Иными словами, редукция здесь состоит в подмене главного вопроса производным. Произошла же эта подмена, вне всякого сомнения, в связи с другой, гораздо более глубокой редукцией, которая, хотя она и вытекает из того же «расчленительного» метода, касается богословского истолкования уже не только Евхаристии, а и всего спасительного дела Христова. Это присущее схоластическому богословию во всех его разновидностях отождествление жертвы, принесенной Христом за нас и нашего ради спасения, с Голгофой: с Крестом, страданиями и смертью.
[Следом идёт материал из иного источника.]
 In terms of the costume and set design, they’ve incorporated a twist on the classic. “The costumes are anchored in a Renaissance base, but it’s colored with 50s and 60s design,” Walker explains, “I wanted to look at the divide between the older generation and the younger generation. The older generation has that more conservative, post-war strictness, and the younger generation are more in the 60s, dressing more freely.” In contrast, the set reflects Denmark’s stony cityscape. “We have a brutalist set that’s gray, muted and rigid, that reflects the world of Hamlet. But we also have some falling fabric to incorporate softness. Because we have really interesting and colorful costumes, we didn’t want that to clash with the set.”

Поскольку же, по согласному учению Церкви, в Евхаристии Церковь «смерть Господню возвещает, воскресение Его исповедует», поскольку также несомненна связь Голгофы с Тайной Вечерью, совершенной Христом «прежде Своего страдания» (Лк. 22:15), к Голгофской жертве относит, к ней почти исключительно сводит школьное богословие свое истолкование и Евхаристии. Согласно этому истолкованию, Христос на Тайной Вечери установил Евхаристию как сакраментальное воспоминание жертвенного Своего заклания на Кресте, приятия на Себя грехов мiра, искупленных Им Своими страданиями и смертью. Принесенная на Голгофе единожды, жертва эта вечно «актуализируется» в Евхаристии, на наших алтарях, как за нас и для нас принесенная и приносимая.
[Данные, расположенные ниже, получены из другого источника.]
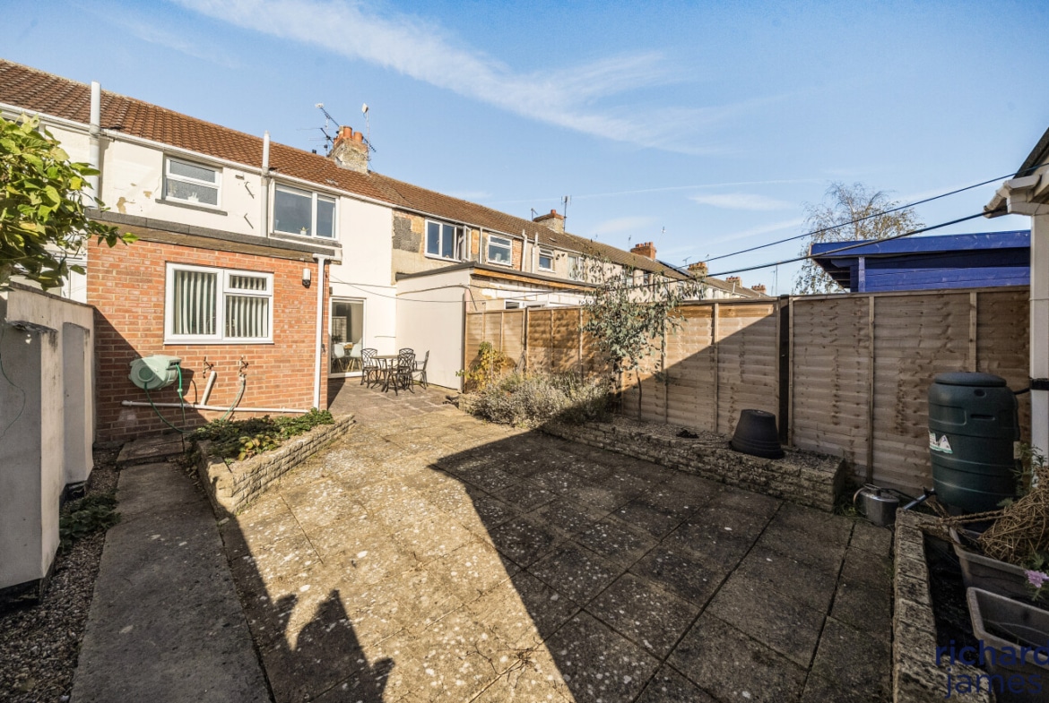To the rear is an enclosed rear garden which is low maintenance laid to patio offering the perfect spot for entertaining and barbecuing leading to a detached garage accessed via rear lane.

На Западе, как известно, такое сакраментальное отождествление Тайной Вечери и Евхаристии с Голгофской жертвой привело протестантов к отрицанию вообще жертвенного характера Евхаристии, как несовместимого с учением об единственности, неповторимости и «достаточности» жертвы, принесенной Христом άπαξ, то есть единожды и навсегда. У нас же, православных, хотя и без крайностей, присущих латинскому прототипу этого истолкования, оно прочно вошло в наше школьное богословие, отразилось отчасти и на самих обрядах и молитвах Литургии, а главное, в значительной мере окрасило собою те символические ее объяснения, о которых я неоднократно говорил в первых главах этого исследования.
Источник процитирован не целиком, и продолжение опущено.